James Ray – Self-Help Guru and the Power of Influence… The Sweat Lodge Deaths

June 29, 2011

An interesting article was recently written by Kent Greenfield.  The Title: The “Sweat Lodge Guru” Guilty Verdict: Recognizing the Deadly Influence of Authority.  Greenfield stated, “the jury understood that sometimes people are actually not responsible for their own decisions when they are under the powerful psychological influence of authority figures.”    A like to Kent’s article is here.

In the article Greenfield states:

Toward the end of the retreat, the “warriors” were to stay alone in the desert without water or food for thirty-six hours, followed by a return to camp for a two-hour “purge” in a sweat lodge, vaguely modeled after structures used in some Native American religious ceremonies. There was barely space for the fifty participants to squeeze in around a fire pit, kept hot by fresh coals brought in by Ray’s assistants. Ray sat outside the tent flap, keeping it sealed.

[Update: Some readers with knowledge of the event indicate that Ray was inside the tent rather than outside during the sweat-lodge ceremony. The police report after the event indicates that Ray was “sitting in a chair in the shade” outside the tent, but it is unclear in the report whether he was there for the entire event or only at the end. Other news reports are unclear as to his location.]

About halfway through the ceremony, some of the participants started to become ill. Ray urged them to press on. As the heat grew more oppressive, one man tried to lift up one of the walls of the lodge to allow fresh air to circulate, but Ray chastised him. When some people vomited, Ray explained that vomiting was good for them. Ray hovered by the door, intimidating people if they tried to leave. A few people struggled out, but most stayed. “Play full on,” Ray insisted. “You are not going to die. You might think you are, but you’re not going to die.”

At the end of the ordeal, several of the participants were indeed near death. Two died that evening; another fell into a coma and died a few days later. In all, almost half of the participants ended up in the hospital suffering from injuries as severe as scorched lungs and organ failure.

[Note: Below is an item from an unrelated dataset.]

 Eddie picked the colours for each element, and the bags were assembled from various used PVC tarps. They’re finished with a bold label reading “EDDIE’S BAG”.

What happened? Why did people stay in the lodge, risking their lives? Any of them could have left at any time, but did not. Ray did not exert physical force.

Here’s where it gets interesting.  Greenfield answers his question – WHY – by citing a 50+ year old study referred to as “the famous Milgram studies.”  And article in the New York Times defines the studies and raises interesting questions.  Here’s the link to the Times article:  http://www.nytimes.com/2008/07/01/health/research/01mind.html

In the Times article, Dr. Thomas Blass stated, “The power of the Milgram work was it showed how people can act destructively without coercion,” he said. “In things like interrogations, we don’t know the complexities involved. People are under enormous pressure to produce results.”  Greenfield postulates that the “Sweat Lodge Participants” did things against their own safety in order to produce the results that were either expected by Ray or perhaps themselves since they paid large sums of money for the experience.

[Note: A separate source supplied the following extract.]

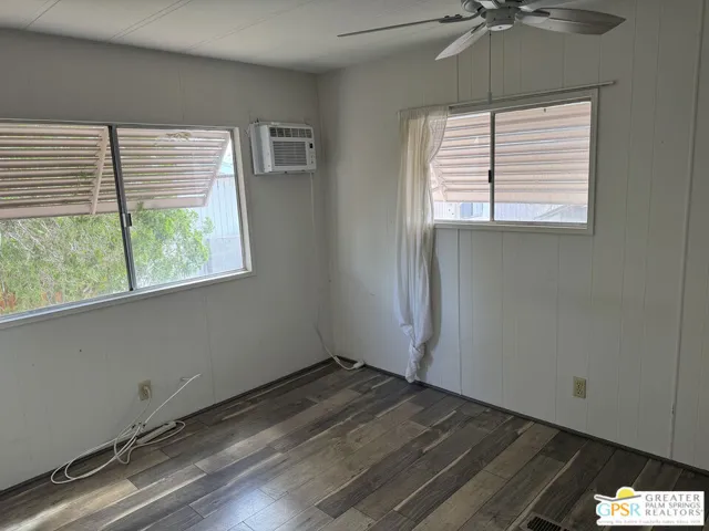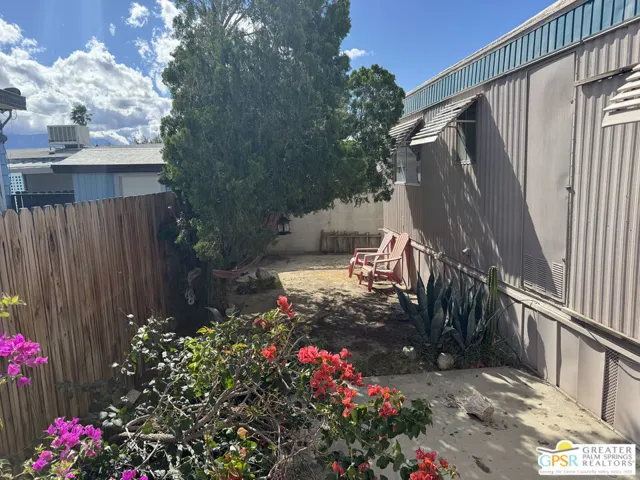 Welcome home to Desert View Mobile Home Club. Very private community which is located in east Desert Hot Springs. This 2 Bedroom 1.5 Bath Mobile Home is ready for your updates. It features an open great room in it’s approximately 800 sf and has a lovely rear yard with trees. The great room features a mini-split heat pump and the main bedroom offers a window wall Air Conditioning unit. The front bedroom has it’s own half bath, with toilet and sink. This home is very close to the large clubhouse and pool and spas. Why not make this great home your new home today.

Greenfield goes on to state:

The “warriors” may have seen the sweat lodge purge as a test of courage. In hindsight, we understand that the purge was seen that way only because Ray had identified it as such. Staying in the lodge was in fact dangerous and harmful, with no real benefit. It was courageous only in the way that forcing yourself to break your own finger with a hammer is courageous. The genuine act of courage was to question Ray’s methods, ask about the risks, demand care for those in distress, and leave the lodge. But that demanded wherewithal to challenge the authority figure. It is a measure of the difficulty of such a challenge that most people in the lodge were more willing to risk death than push their way through the tent flap.

And it is a measure of the jury’s understanding of human nature that they held Ray responsible, rather than the victims themselves.


Is Greenfield right in his assumption – the sweat lodge participants did so out of blind trust of Ray?  Were the participants victims of the Milgram model?  Did Ray use an undue and unsafe power of influence over the folks who paid for the experience?


Jurors will consider their testimony in determining whether aggravating factors figure into James Arthur Ray’s sentence. Ray was convicted on three counts of negligent homicide.  A finding of aggravating factors could increase Ray’s sentence. Probation also is an option.


What do you think the sentence should be in this case?